This year’s International Conference on Learning Representations event included a workshop held by the Climate Change AI group of academics and artificial intelligence industry representatives which considered how machine learning can help tackle climate change.
Bjarne Steffen, senior researcher at the energy politics group at ETH Zürich, shared his insights at the workshop on how Covid-19 and the accompanying economic crisis are affecting recently introduced ‘green’ policies. “The crisis hit at a time when energy policies were experiencing increasing momentum towards climate action, especially in Europe,” said Steffen, who added the coronavirus pandemic has cast into doubt the implementation of such progressive policies.
The academic said there was a risk of overreacting to the public health crisis, as far as progress towards climate change goals was concerned.
“Many interest groups from carbon-intensive industries are pushing to remove the emissions trading system and other green policies,” said Steffen. “In cases where those policies are having a serious impact on carbon-emitting industries, governments should offer temporary waivers during this temporary crisis, instead of overhauling the regulatory structure.”
However, the ETH Zürich researcher said any temptation to impose environmental conditions to bail-outs for carbon-intensive industries should be resisted. “While it is tempting to push a green agenda in the relief packages, tying short-term environmental conditions to bail-outs is impractical, given the uncertainty in how long this crisis will last,” he said. “It is better to include provisions that will give more control over future decisions to decarbonize industries, such as the government taking equity shares in companies.”
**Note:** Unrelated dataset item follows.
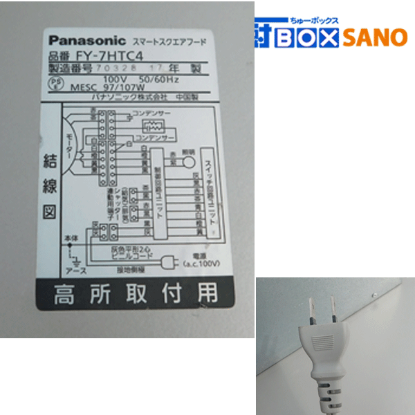 名 称 送料込み パナソニック換気扇 スマートスクエアフード FY-7HTC4 2017年製 中古 sano6449
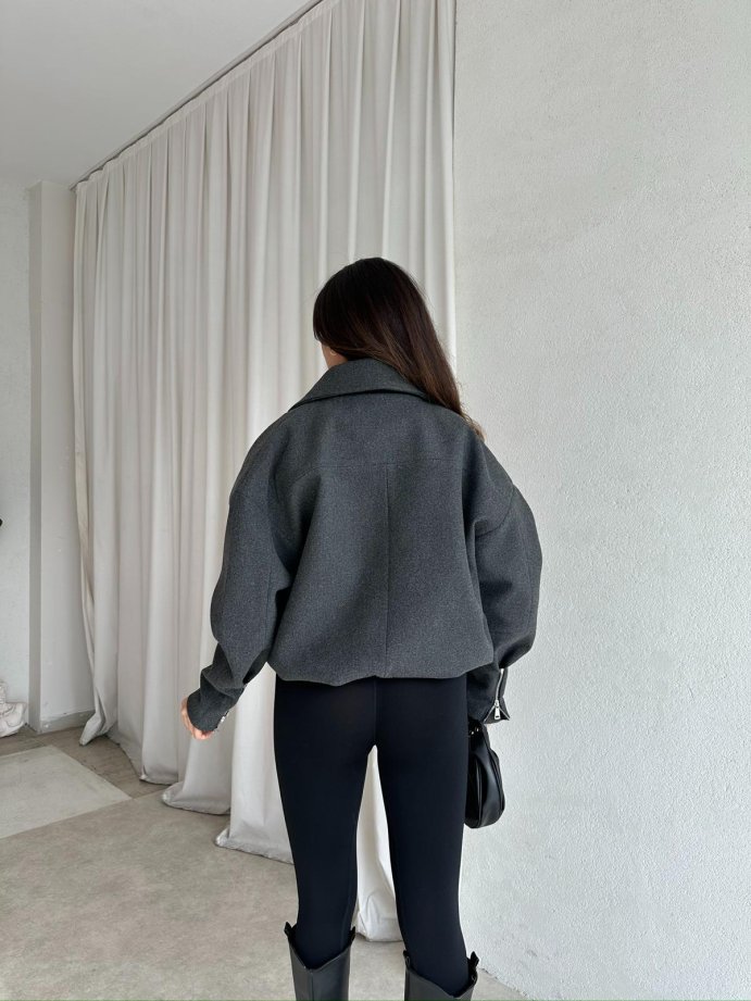 GİGİS Kaşe Crop Ceket 8698 - Füme

Steffen shared with pv magazine readers an article published in Joule which can be accessed here, and which articulates his arguments about how Covid-19 could affect the energy transition.
Covid-19 in the U.K.
The electricity system in the U.K. is also being affected by Covid-19, according to Jack Kelly, founder of London-based, not-for-profit, greenhouse gas emission reduction research laboratory Open Climate Fix.
“The crisis has reduced overall electricity use in the U.K.,” said Kelly. “Residential use has increased but this has not offset reductions in commercial and industrial loads.”
Steve Wallace, a power system manager at British electricity system operator National Grid ESO recently told U.K. broadcaster the BBC electricity demand has fallen 15-20% across the U.K. The National Grid ESO blog has stated the fall-off makes managing grid functions such as voltage regulation more challenging.
Open Climate Fix’s Kelly noted even events such as a nationally-coordinated round of applause for key workers was followed by a dramatic surge in demand, stating: “On April 16, the National Grid saw a nearly 1 GW spike in electricity demand over 10 minutes after everyone finished clapping for healthcare workers and went about the rest of their evenings.”
Climate Change AI workshop panelists also discussed the impact machine learning could have on improving electricity planning in Africa. The Electricity Growth and Use in Developing Economies (e-Guide) initiative funded by fossil fuel philanthropic organization the Rockefeller Foundation aims to use data to improve the planning and operation of electricity systems in developing countries.
E-Guide members Nathan Williams, an assistant professor at the Rochester Institute of Technology (RIT) in New York state, and Simone Fobi, a PhD student at Columbia University in NYC, spoke about their work at the Climate Change AI workshop, which closed on Thursday. Williams emphasized the importance of demand prediction, saying: “Uncertainty around current and future electricity consumption leads to inefficient planning. The weak link for energy planning tools is the poor quality of demand data.”
Fobi said: “We are trying to use machine learning to make use of lower-quality data and still be able to make strong predictions.”
The market maturity of individual solar home systems and PV mini-grids in Africa mean more complex electrification plan modeling is required.
“When we are doing [electricity] access planning, we are trying to figure out where the demand will be and how much demand will exist so we can propose the right technology,” added Fobi. “This makes demand estimation crucial to efficient planning.”
Unlike many traditional modeling approaches, machine learning is scalable and transferable. Rochester’s Williams has been using data from nations such as Kenya, which are more advanced in their electrification efforts, to train machine learning models to make predictions to guide electrification efforts in countries which are not as far down the track.
Williams also discussed work being undertaken by e-Guide members at the Colorado School of Mines, which uses nighttime satellite imagery and machine learning to assess the reliability of grid infrastructure in India.
Another e-Guide project, led by Jay Taneja at the University of Massachusetts, Amherst – and co-funded by the Energy and Economic Growth program on development spending based at Berkeley – uses satellite imagery to identify productive uses of electricity in rural areas by detecting pollution signals from diesel irrigation pumps.
Though good quality data is often not readily available for Africa, Williams added, it does exist.
“We have spent years developing trusting relationships with utilities,” said the RIT academic. “Once our partners realize the value proposition we can offer, they are enthusiastic about sharing their data … We can’t do machine learning without high-quality data and this requires that organizations can effectively collect, organize, store and work with data. Data can transform the electricity sector but capacity building is crucial.”